A single payment system reflects either absolute ignorance of the complexities of funding Primary Care or a cunning move towards what appears to be this government's agenda: The destruction of General Practice as you know it. The current crisis is calculated and engineered to take the independent contractor model to its brink, to blame it for 'failing patients' and to replace it with private companies 'saving' the day with health centers employing a skeleton medical workforce with plenty of PAs and similar.
I am speechless that throwing us a bone with no meat on seems to have suddenly mollified a great number of contributors. Don't be so naive!
5000 new GPs in 4 years from now?
Single payment system?
Universities offering places for PAs, all expenses paid?
"I can give you a categorical
assurance that I am not seeking to save any money from the junior doctors’

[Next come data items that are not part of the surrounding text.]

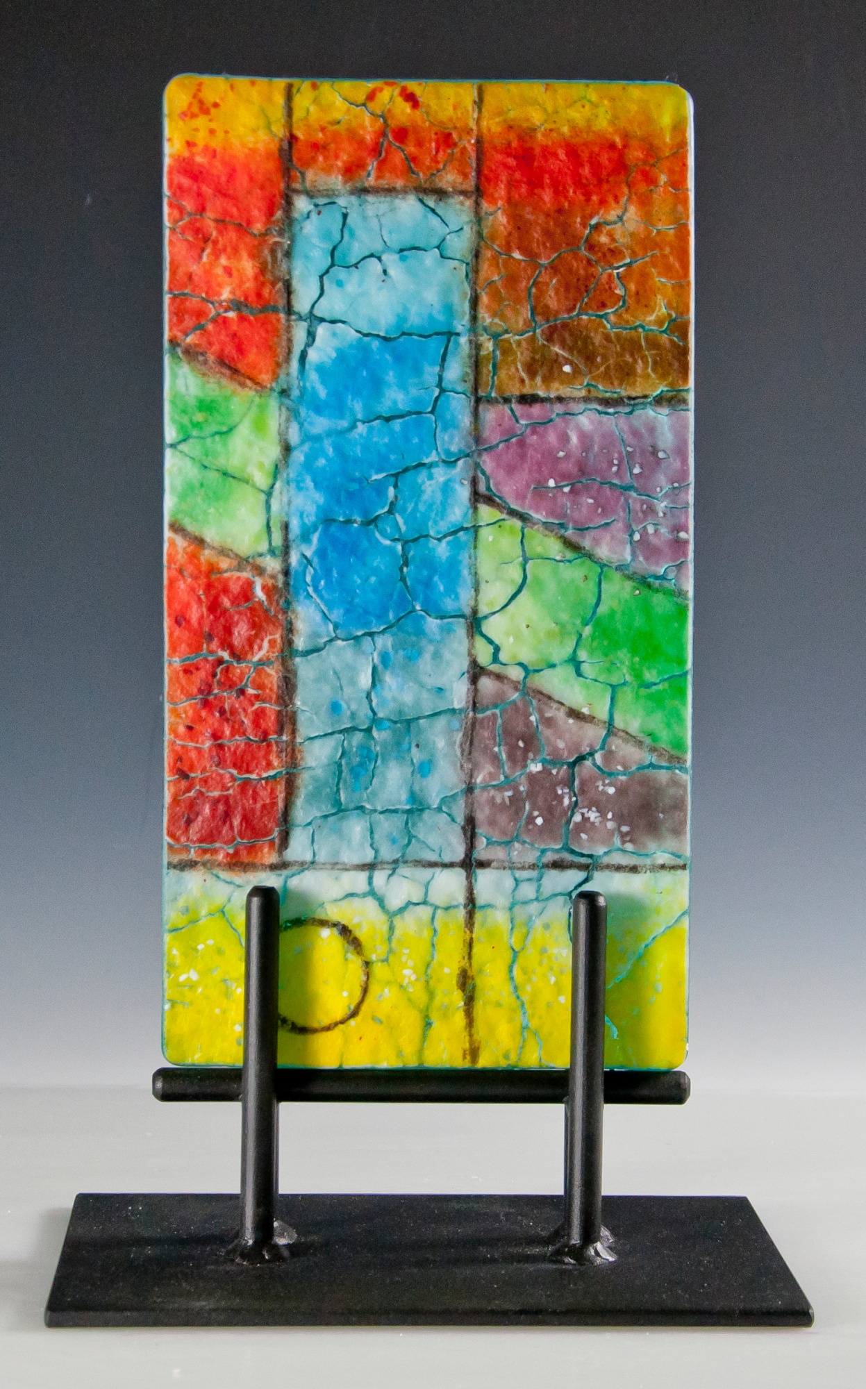 Fused glass abstract. Made entirely out of glass. Iron stand priced separately.
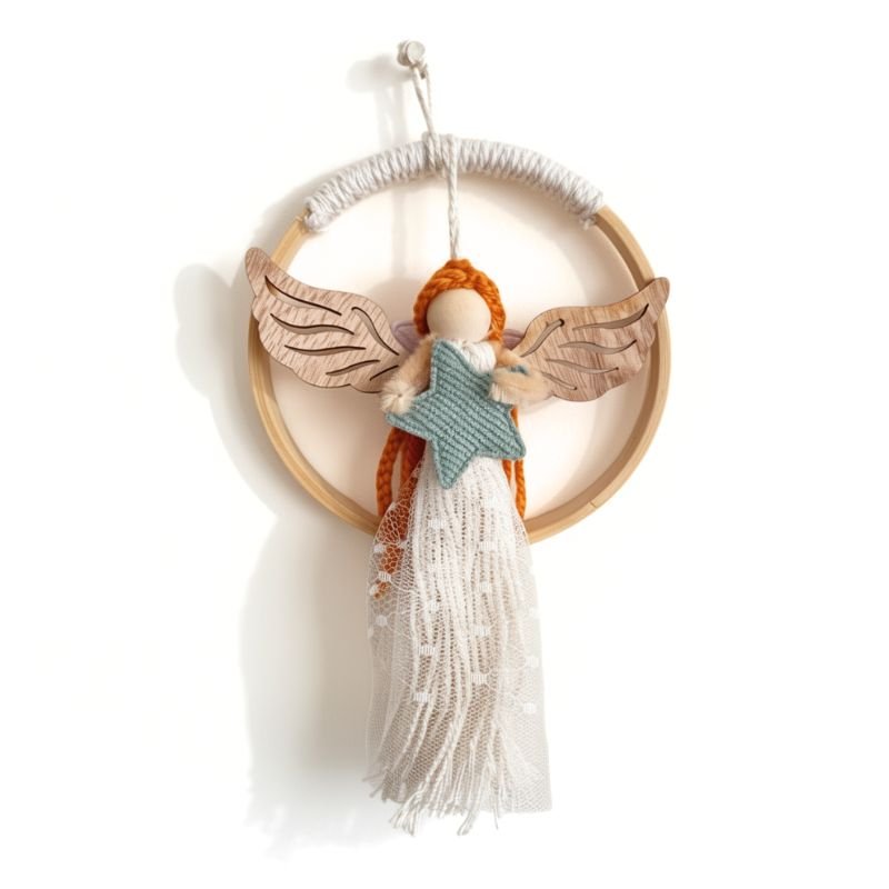 Μια διακριτική χειροποίητη δημιουργία σε γήινους τόνους, σχεδιασμένη να προσθέτει ζεστασιά στον χώρο. Κατασκευασμένο στο χέρι με φυσικά υλικά, προσοχή στη λεπτομέρεια και αγάπη για το απλό. Ιδανικό για το βρεφικό παιδικό δωμάτιο, ή ως διακριτικό και πρωτότυπο δώρο.
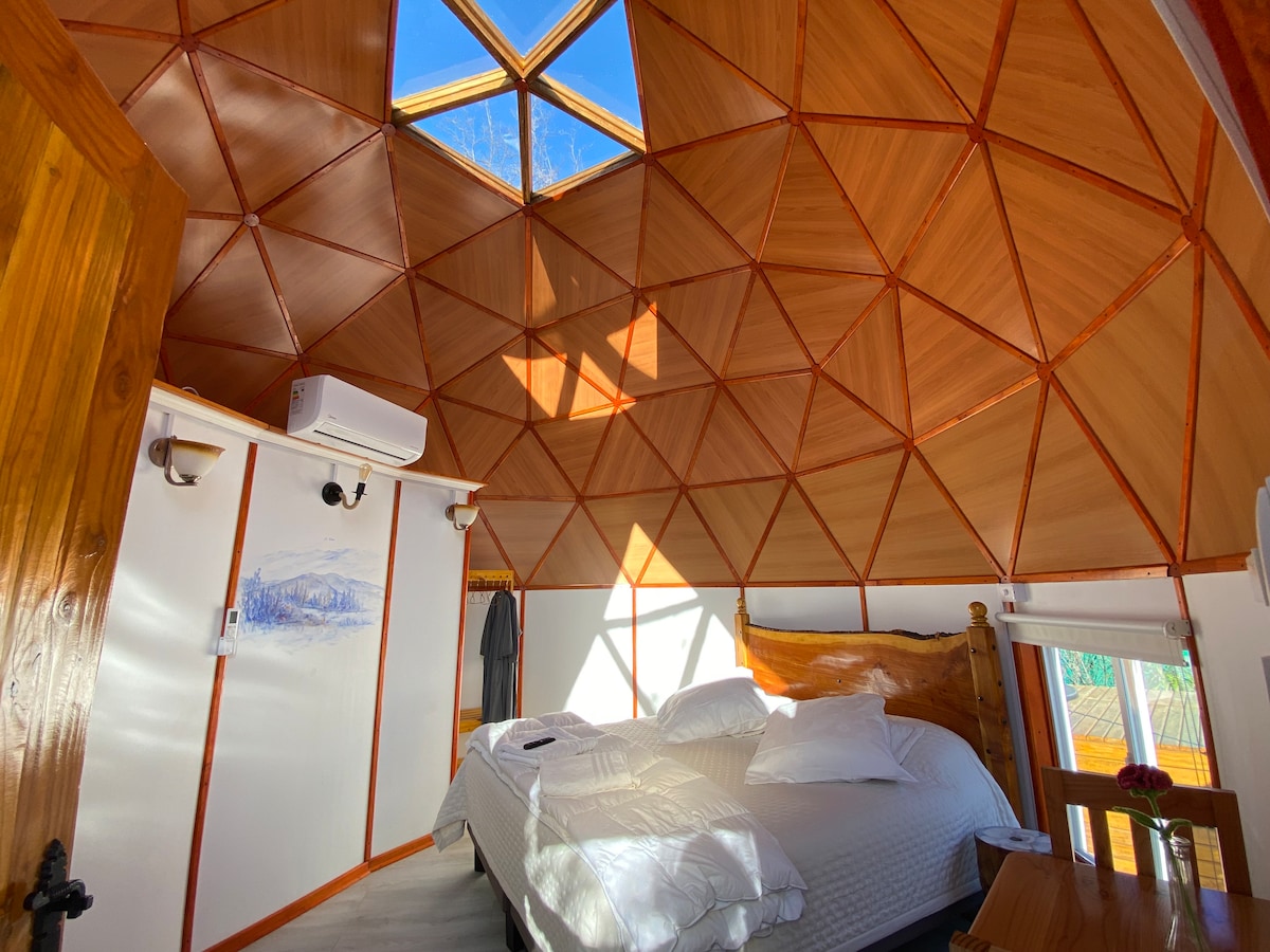 Experiencia diferente en un domo recién renovado de madera , tiene aire para climatizar, realmente precioso , vista a las montañas , absoluta tranquilidad , total privacidad en un Lugar de relajo y desconexión. Un lugar mágico para ir en pareja , cerca de viñas , paseos en el cajón del maipo, a los pies de las montañas , excelentes lugares para almorzar o comer como el "ESKENAZO" A 7 minutos del domo .
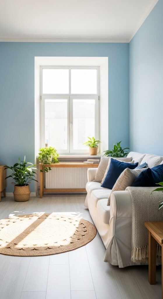 - Powder and sky blue — the most soothing and airy of the family; makes rooms feel larger and lighter, perfect for smaller spaces
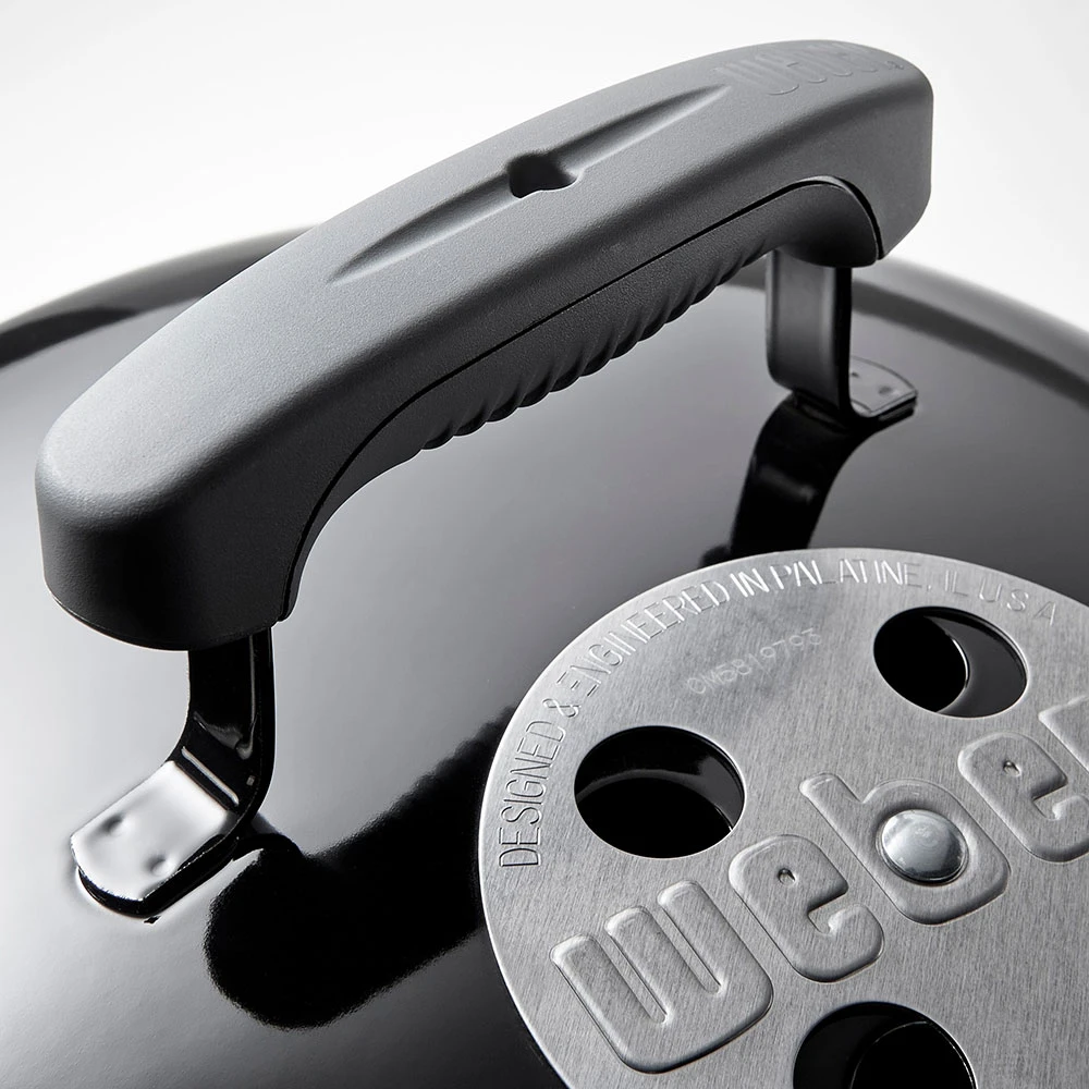 Big fun comes in small sizes! A miniature take on the classic Weber kettle, the Weber Grills 112681 Smokey Joe Premium charcoal BBQ grill helps you grill in style even in tight spaces like apartment balconies and its take-along size makes it perfect for picnics, camping, or tailgating. Made of premium-grade U. S. Steel, the bowl and lid of this portable Weber kettle grill are coated with a black porcelain enamel inside and out that is baked on, fusing the finish to the steel to prevent rusting and peeling through years of use. The adjustable, no-rust aluminum top vent provides the proper airflow needed for perfect grilling and helps you to control the temperature across the 14 1/2-inch diameter cooking area. The Smokey Joe Premium features a lid lock that secures the lid in place for carrying, which lowers to double as a lid holder while you grill. Weber Smokey Joe grills also feature heavy-duty, plated steel cooking grates and a glass-reinforced nylon handle that will withstand the elements for the life of the grill. With the Smokey Joe Premium, you will love its compact size and stylish looks every time you fire it up!
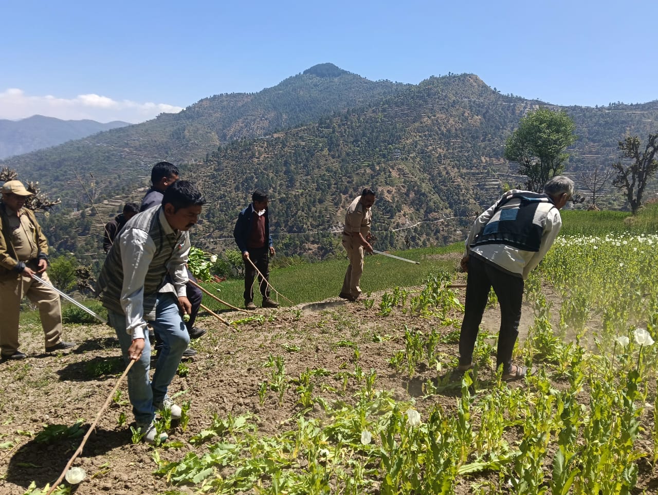 धरासू पुलिस व राजस्व की टीम द्वारा बनचौरा क्षेत्र मे छापेमारी कर 15 नाली भू-भाग पर उगाई गयी अवैध अफीम की खेती को किया नष्ट।
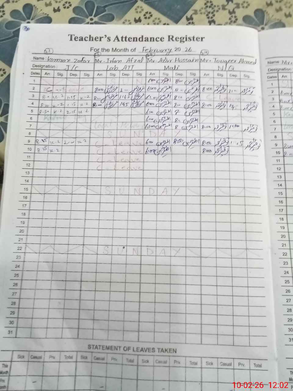 | CNIC | Full Name | Designation | R/C | Absence During Last Calender Month |
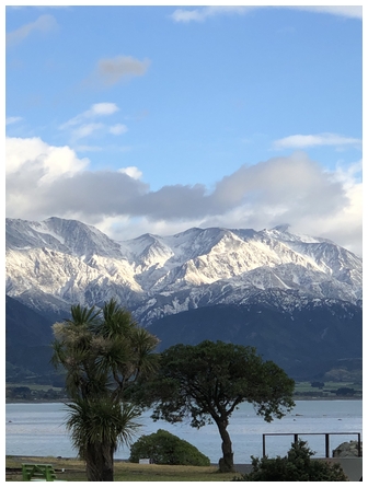 'Seaward Kaikoura range from Kaikoura waterfront wearing a cloak of snow from yesterday's southerly storm. Taken 07:35 29 October 2025 on an iPhone 10' wrote Charles.

paybill" = the bill for the treasury/DH will be the same, but your working conditions will change. You will work 'social hours' on Saturday night for weekday daytime pay and you won't have annual increments, you will start at the bottom again if you do research/have maternity breaks etc etc.
Hunt is expert in double speak and obfuscation. He despises the medical profession, don't trust him.
Dr Hubertus von Blumenthal
Greensands Medical Practice
The fundamental misconception politicians have about triaging is that for them it is a 'bottom up' process, non-medical unqualified people passing up problems to qualified professionals dependent on severity. The opposite is true however. Triaging should be done by the most experienced clinician and passed down the 'chain' according to expertise and experience. That would of course be unaffordable within current systems, which is why NHSD and 111 and whatever they will be replaced by in due course will be destined to fail.